Auch Kilian Unger alias LIANN ist nach zwei Videos beeindruckt: „Ich habe ihm vertraut bei der Kameraarbeit, und das hat sich gelohnt“, sagt der Singer-/Songwriter über die Aufnahme seines Songs „Chicago“ am Sendlinger Tor. Und wenn man merkt, wie elegant ein Close-Up der Gitarrenbünde in die Totale übergeht und die Musik mit der Umgebung verschwimmt, dann bekommt man eine Ahnung davon, wie viel Arbeit in diesen Filmen steckt.

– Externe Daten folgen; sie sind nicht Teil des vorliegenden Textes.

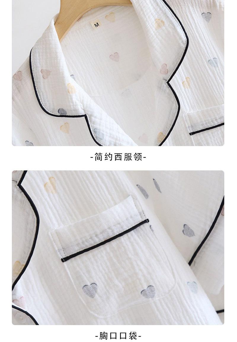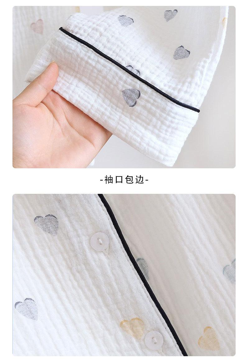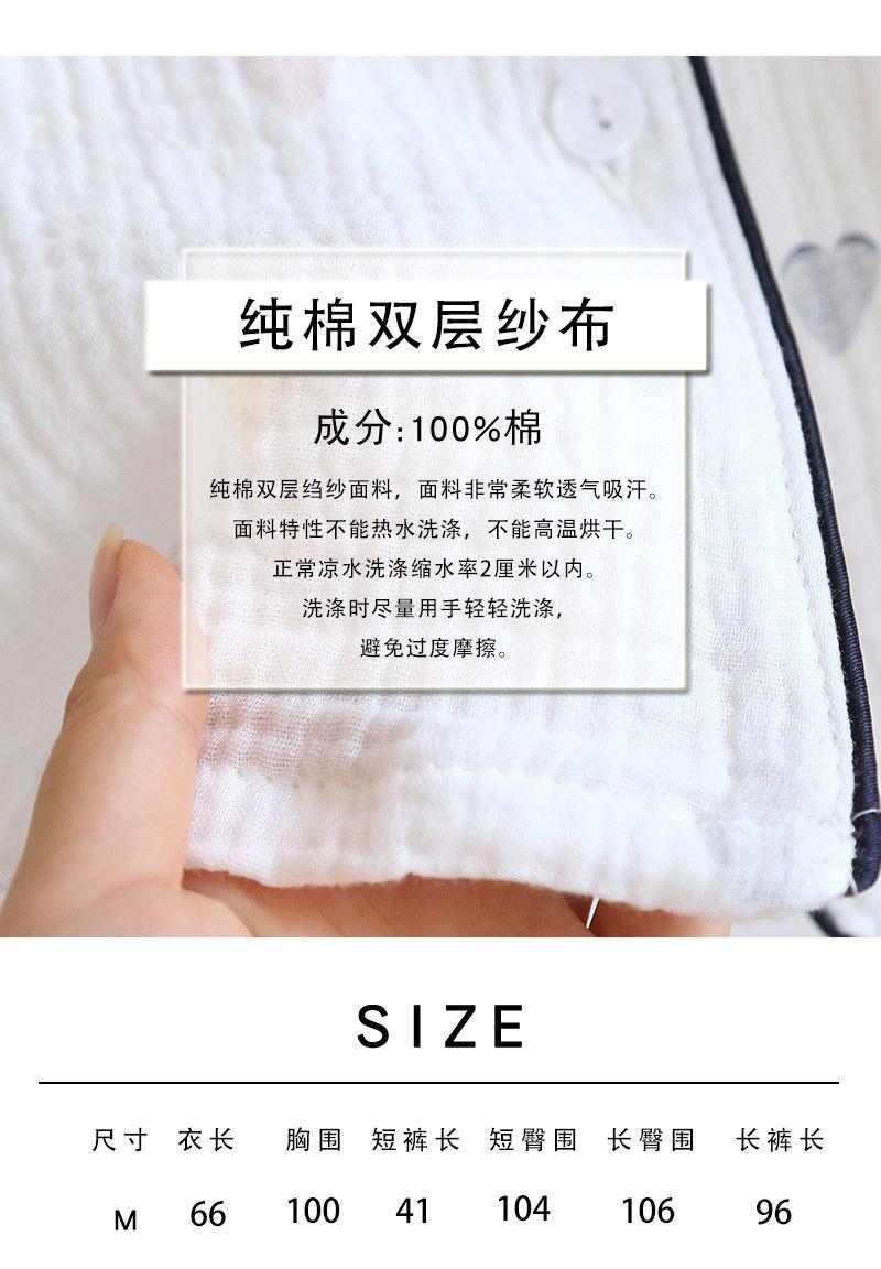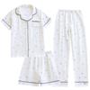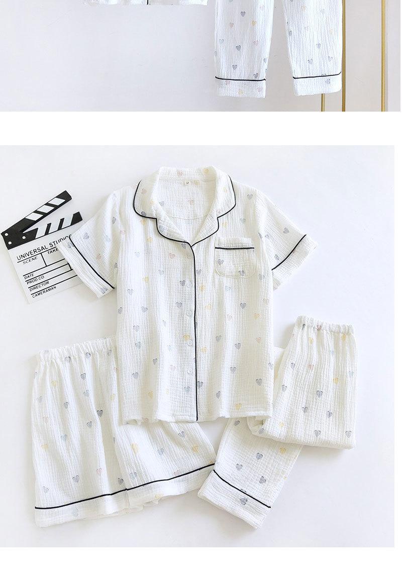 Verano Nuevo Estilo Corazón Gasa de Algodón Puro Pantalones de Manga Corta Conjunto de Pijama Casual de Tres Piezas Ropa de Casa Fina para Mujer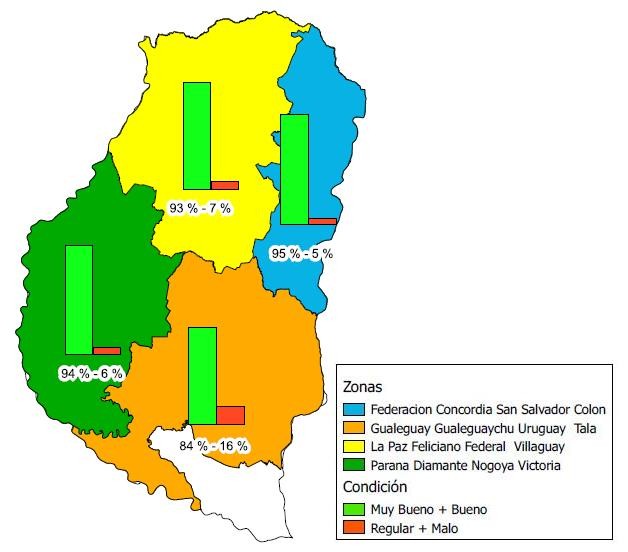 La condición general del cultivo en la provincia se presenta en un 8% como muy buena, 84% buena y 8% regular. Al igual que para maíz de segunda y/o tardío, lotes de sorgo en condición regular se deben principalmente al estrés hídrico del mes de enero, pero este cultivo tiene mayor capacidad de recuperación. Mapa Nº 2, condición de sorgo por zonas en Entre Ríos.

Die sollen sich zukünftig auch auszahlen: Mit der Hilfe von Sponsoren hofft Michael, sich selbstständig machen und sich so ganz auf das Filmen konzentrieren zu können. „Und dann würde ich gerne auch Interviews machen und eigene Konzerte organisieren, um die Monaco Sessions als Marke weiter auszubauen.“
Ob er sich auch irgendwann einmal einen Wechsel zurück vor die Kamera und auf die Bühne zutraut? Michael schmunzelt. „Ich versuche langsam, wieder selbst etwas Musik zu schreiben“, sagt er und spricht von „Singer-/Songwriter-Zeug im Sportfreunde-Stiller-Stil“. Für die Monaco Sessions käme diese Musik dann allerdings nicht in Frage. „Höchstens mit einer Maske“, sagt er mit einem Augenzwinkern. Vielleicht blendet das Rampenlicht einfach weniger stark – durch eine Kameralinse betrachtet.